Our main focus is on the back-end of things. We want to provide our clients with capabilities, but each client has their own expectations and data sets. Often, researchers come with their own favorite tools. Some may do command-line interface work, others may prefer a visualization tool.
We try to make our solution as inclusive as possible, so that users are not just dependent on the interface we provide, but can also integrate it with tools they might have developed themselves or acquired from a third party. We provide them with an architecture that fits within their existing operations and can be adapted to their specific needs without depending on our service.
What do you do to secure data stored on your platform?
Data security is very important to us. Ever since the beginning, we have worked with Bayer AG, a German pharma data company that is known to be very strict with their data security.
Our solution is cloud-based, but we make sure it loads from a nearby cloud location. We also make sure that access is strictly regulated, according to different solutions such as specific IP addresses and restricted user access. We can also allocate different access groups within the data.
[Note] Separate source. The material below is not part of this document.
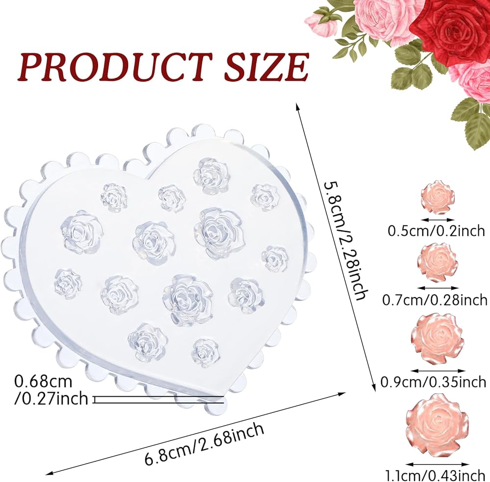Size: Our 3D nail art molds are transparent heart shape, with a size of about 6.8×5.8×0.68cm/2.68 x 2.28 x 0.27 inches, and a single mold can make 14 flower decorations of different sizes

A key user may see all the data, while a regular researcher may only see a specific part of it.
We can also allocate different users to different data sets. For instance, Finnish data may only be seen by Finnish researchers, or in more detail, a foreign researcher can only see the data on a meta-level. Additionally, we are currently looking at anonymization processes, which are also becoming increasingly important because regulation is strict.
Everything we do is according to local regulation and GDPR. We recently had a security audit with one of our clients, and everything was according to specification.
Which trends or technologies do you find to be particularly interesting these days around your line of work?
Wearable medical devices and the Internet of Things, in general, are getting stronger, especially in the US but also in Europe. I envision a future where genomic information will become an integral part of personalized healthcare. It’s going to be very interesting to see how far it can go.
Another very interesting development is animal genomics, especially companion animals like dogs, cats, and horses. The fun part is knowing, for example, what percentage of your dog’s genome is German Shepherd and what percentage is Poodle. On the more serious side of things, dog breeders are using genomics to prevent inherited diseases. Bulldogs, for instance, tend to suffer from breathing difficulties that can be prevented. We created the largest pure-breed dog and cat genomic testing service in the world.
As more and more genomic data becomes available, both from individuals and through the healthcare systems, the need for scalable solutions is growing as well. It’s also important to combine that data with other available data sources such as patients’ clinical data because genomic data alone is not enough. Mediaspiens is here to help organizations make that leap into the future.